Rund um diese Aktivitaeten gab es einige "Nadelstich"-Aktionen gegen die offizielle Gipfelinszenierung: So eine voruebergehene Besetzung eines Zeitarbeits-Bueros, mit der auf die Verbreitung des niederlaendischen "Polder"-Modells aufmerksam gemacht werden sollte. Das "Polder"-Modell ist ein staatliches Foerderprogramm fuer Jobs, die durch ihre niedrige Entlohnung unter der "Wasserlinie" der Existenzsicherung liegen. Es gilt als Vorbild fuer die EU-weiten "Buendnisse fuer Arbeit", die die deutsche Ratspraesidentschaft in ihrer Amtsperiode auf den Weg bringen will. Am Freitagmorgen blockierten Mitglieder aus Anti-Gentechgruppen, OEkoreferaten und anwesende indische BaeuerInnen das Max-Planck-Institut in Koeln-Vogelsang. Das MPI ist ein Gentechnik-Forschungszentrum mit weltweiter Bedeutung, von dem die Agroindustrie und die Lebensmittelkonzerne wichtige Forschungsergebnisse fuer ihr umweltzerstoererisches Gewerbe beziehen. Der von Institutschef Saedler angebotene Dialog endete ergebnislos und mit einem Hinauswurf der OEko-AktivistInnen aus dem Institutsgelaende.
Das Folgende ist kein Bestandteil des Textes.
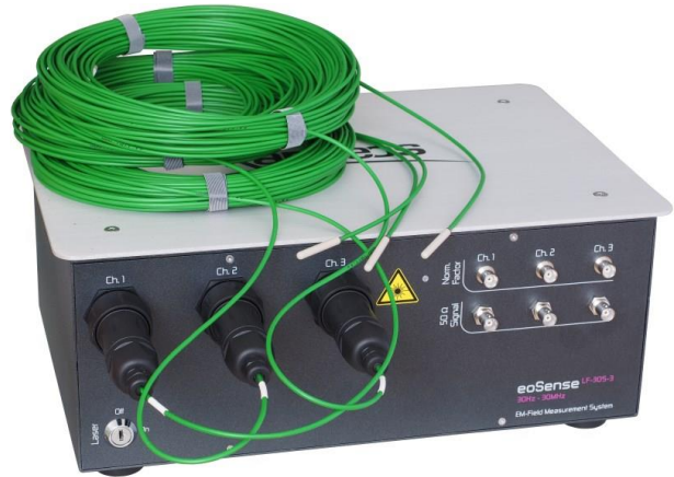
eoSense instrument with 3 eoProbe

Electromagnetic measurement systems, composed of eoSense instruments on the one hand and on eoProbe optical probes on the other hand are based on Pockels effect. This latter effect occurs in some optical crystals, called electro-optic (EO) crystals, and manifests itself as an E-field induced modification of the eigen dielectric axes of the EO crystal. An EO crystal behaves like a waveplate for a laser beam passing through it. Under applied E-field, the dephasing induced by the waveplate is modified in proportion to the field strength. This occurs through the E-field induced variation of the refractive indices of the EO crystal.
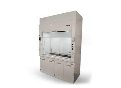
'POLYPRO' SERIES PP FUME HOOD Labguard India Pvt Ltd.

Die "Karawane fuer die Rechte der Fluechtlinge und MigrantInnen" besetzte am 4. Juni das Parteibuero der Koelner Buendnisgruenen am Ebertplatz und begann mit einem Hungerstreik gegen die rotgruene Abschiebepolitik.
Zu einem Polizeieinsatz kam es zum Abschlus der Antigipfel-Aktionen schlieslich noch nach einer friedlich verlaufenden Aktion auf der Domplatte. Knapp hundert Personen hatten innerhalb der "Sondernutzungszone" rund um Dom und Hauptbahnhof vorgefuehrt, was dort an "unnormalen" Aktivitaeten alles grundsaetzlich verboten ist: Sich versammeln, ziellos Herumhaengen, Singen und Betteln. Als sich die Versammlung aufloeste und sich die TeilnehmerInnen durch die Hohe Strase entfernen wollte, kam es zu einem Knueppeleinsatz der herbeigeeilten Polizei und zu etwa 60 wahllos durchgefuehrten Festnahmen. In die speziell fuer die Gipfel bereitgestellten Kaefige in der Polizeikaserne Bruehl wurde alles hineingeschafft, was irgendwie verdaechtig - d. h. schwarz gekleidet - aussah, und seien es auch eine Reihe von zufaellig anwesenden Wochenend-EinkaeuferInnen.